**Material for this exercise**
================

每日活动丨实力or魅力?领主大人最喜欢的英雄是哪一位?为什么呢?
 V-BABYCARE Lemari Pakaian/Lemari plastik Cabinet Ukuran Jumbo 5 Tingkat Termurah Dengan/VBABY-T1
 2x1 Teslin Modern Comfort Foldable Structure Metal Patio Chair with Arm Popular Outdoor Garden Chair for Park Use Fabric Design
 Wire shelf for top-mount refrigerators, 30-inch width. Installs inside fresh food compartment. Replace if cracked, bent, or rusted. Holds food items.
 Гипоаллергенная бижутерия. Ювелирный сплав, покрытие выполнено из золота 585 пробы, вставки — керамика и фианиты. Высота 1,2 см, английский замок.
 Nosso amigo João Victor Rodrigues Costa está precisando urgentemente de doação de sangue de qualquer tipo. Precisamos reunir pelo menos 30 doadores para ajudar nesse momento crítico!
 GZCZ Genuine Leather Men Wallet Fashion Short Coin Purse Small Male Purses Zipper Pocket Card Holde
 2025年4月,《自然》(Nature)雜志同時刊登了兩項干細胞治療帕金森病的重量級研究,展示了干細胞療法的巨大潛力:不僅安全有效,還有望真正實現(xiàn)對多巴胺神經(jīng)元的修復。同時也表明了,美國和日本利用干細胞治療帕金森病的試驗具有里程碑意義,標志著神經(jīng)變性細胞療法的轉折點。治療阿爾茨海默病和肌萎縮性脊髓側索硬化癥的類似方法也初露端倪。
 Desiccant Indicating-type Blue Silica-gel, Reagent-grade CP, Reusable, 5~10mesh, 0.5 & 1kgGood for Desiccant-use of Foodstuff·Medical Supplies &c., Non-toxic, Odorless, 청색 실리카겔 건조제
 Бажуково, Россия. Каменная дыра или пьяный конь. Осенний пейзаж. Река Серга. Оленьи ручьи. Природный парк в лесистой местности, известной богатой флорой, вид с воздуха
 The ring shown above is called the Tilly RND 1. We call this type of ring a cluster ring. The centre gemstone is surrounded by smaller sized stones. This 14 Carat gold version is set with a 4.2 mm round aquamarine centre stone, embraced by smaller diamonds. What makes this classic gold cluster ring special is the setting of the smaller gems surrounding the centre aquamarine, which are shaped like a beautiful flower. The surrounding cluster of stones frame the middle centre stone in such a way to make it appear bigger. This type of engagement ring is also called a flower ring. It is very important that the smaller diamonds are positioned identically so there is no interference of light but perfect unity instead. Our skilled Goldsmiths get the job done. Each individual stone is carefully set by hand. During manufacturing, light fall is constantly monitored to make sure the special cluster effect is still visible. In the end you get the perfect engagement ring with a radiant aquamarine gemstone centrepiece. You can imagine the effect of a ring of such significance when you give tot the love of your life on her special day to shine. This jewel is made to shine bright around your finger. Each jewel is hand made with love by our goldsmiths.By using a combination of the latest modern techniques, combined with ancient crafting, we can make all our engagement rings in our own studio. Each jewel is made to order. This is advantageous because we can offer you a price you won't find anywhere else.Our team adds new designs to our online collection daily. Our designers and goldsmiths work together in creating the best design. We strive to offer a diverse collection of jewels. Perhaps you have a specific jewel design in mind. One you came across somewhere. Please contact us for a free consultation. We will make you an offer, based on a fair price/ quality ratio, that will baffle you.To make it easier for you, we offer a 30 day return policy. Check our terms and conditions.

================

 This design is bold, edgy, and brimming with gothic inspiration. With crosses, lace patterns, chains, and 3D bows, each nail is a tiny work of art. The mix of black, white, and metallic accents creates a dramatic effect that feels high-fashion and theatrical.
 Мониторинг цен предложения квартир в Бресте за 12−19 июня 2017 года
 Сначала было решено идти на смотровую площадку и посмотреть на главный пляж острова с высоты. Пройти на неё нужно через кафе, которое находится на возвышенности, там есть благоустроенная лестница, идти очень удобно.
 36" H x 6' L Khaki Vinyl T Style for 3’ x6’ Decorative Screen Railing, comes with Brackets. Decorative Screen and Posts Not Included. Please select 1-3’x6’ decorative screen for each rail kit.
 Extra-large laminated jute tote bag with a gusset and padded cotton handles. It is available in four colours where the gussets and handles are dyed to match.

================

**Problem details**
From the records above, give again exactly the lines running from the line with "每日活动丨实力or魅力?领主大人最喜欢的英雄是哪一位?为什么呢?" to the line with "2025年4月,《自然》(N", inclusive.

**Exercise response**
每日活动丨实力or魅力?领主大人最喜欢的英雄是哪一位?为什么呢?
 V-BABYCARE Lemari Pakaian/Lemari plastik Cabinet Ukuran Jumbo 5 Tingkat Termurah Dengan/VBABY-T1
 2x1 Teslin Modern Comfort Foldable Structure Metal Patio Chair with Arm Popular Outdoor Garden Chair for Park Use Fabric Design
 Wire shelf for top-mount refrigerators, 30-inch width. Installs inside fresh food compartment. Replace if cracked, bent, or rusted. Holds food items.
 Гипоаллергенная бижутерия. Ювелирный сплав, покрытие выполнено из золота 585 пробы, вставки — керамика и фианиты. Высота 1,2 см, английский замок.
 Nosso amigo João Victor Rodrigues Costa está precisando urgentemente de doação de sangue de qualquer tipo. Precisamos reunir pelo menos 30 doadores para ajudar nesse momento crítico!
 GZCZ Genuine Leather Men Wallet Fashion Short Coin Purse Small Male Purses Zipper Pocket Card Holde
 2025年4月,《自然》(Nature)雜志同時刊登了兩項干細胞治療帕金森病的重量級研究,展示了干細胞療法的巨大潛力:不僅安全有效,還有望真正實現(xiàn)對多巴胺神經(jīng)元的修復。同時也表明了,美國和日本利用干細胞治療帕金森病的試驗具有里程碑意義,標志著神經(jīng)變性細胞療法的轉折點。治療阿爾茨海默病和肌萎縮性脊髓側索硬化癥的類似方法也初露端倪。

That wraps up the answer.